Figure 9. Nature description propagation in Montezuma’s daughter. For this larger corpus, the nature words list worked out well (to some extent), as seen from the score histogram. So, we can sort of rely on this timeline picture and say that there are quite a lot of nature descriptions in the last-middle half of the novel, which is not quite wrong. Anahuaq (currently Mexico) in the 15th century is quite well described when the protagonist becomes the king of the tribes there, which happens at around the middle of the novel.

Conclusion

This was just a glimpse of what data could be visualized about novels to give the readers some notion about the emotional experience  as they read a novel along. There can be many other useful information about novels that can be encoded in this timeline-like pictures. The work here does not do justice to the title, I agree, but hey, this was just me spending some spare weekend time off research and other duties to explore what sort of patterns and pictures emerge from the novels I read!

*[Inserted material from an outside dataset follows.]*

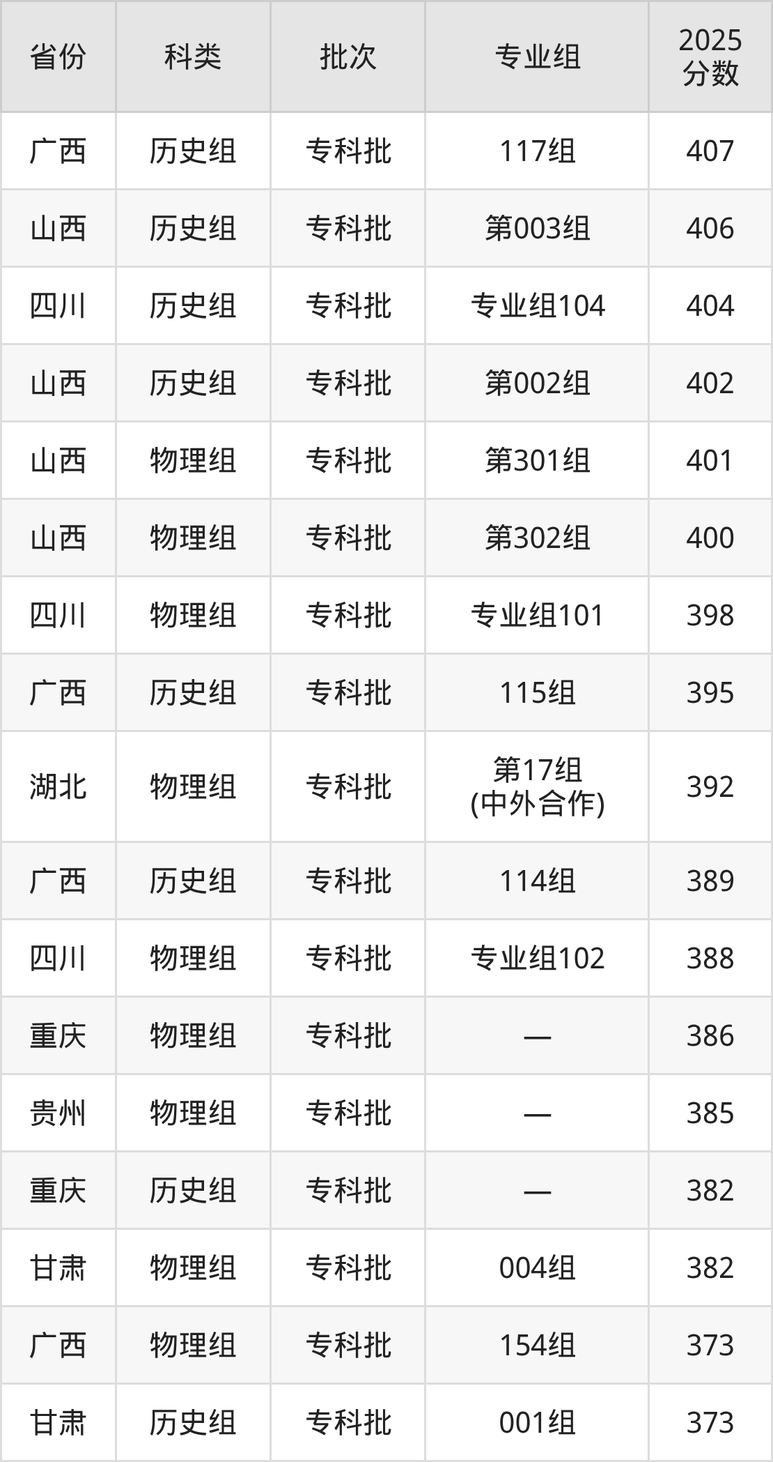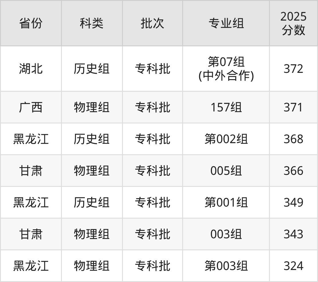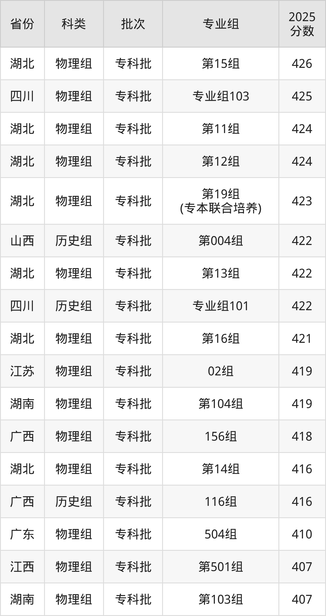 下面是武汉城市职业学院2025年在全国各省的录取分数线一览表,供参考:

The deciding factors here are (a) a comprehensive list of emotion/sentiment words and (b) a nice heuristic to compare sentences or paragraphs. Let’s be honest, net summation scheme sucks for many logical reasons, for one thing it leaves out small and detailed sentiment strengths in paragraphs or sentences. Nevertheless, I saw some patterns that I expected to see, so it did the job for now. A better scheme could be a Taylor series like summation. As more words from the emotion database are found in the novel, the squared, cubic etc terms of those values will be added to the overall sentiment strength.

The information visualization and art aspects of such images can’t be ignored. From my Google search I have not found anything about such visualization, but it’s quite hard to believe no infovis researchers attempted such work. I am interested to see what sort of work has been done so far.

With a carefully chosen color map, such patterns can be quite artsy from the reader’s or writer’s perspective. The amount of information that can be embedded in a 2D image is limited though, the Free Lunch theorem applies here. An image based on emotions and sentiments in a novel seemed logical to me, however, there can be other aspects equally important to the reader. The experience of reading a novel is quite personalized, different readers value different factors.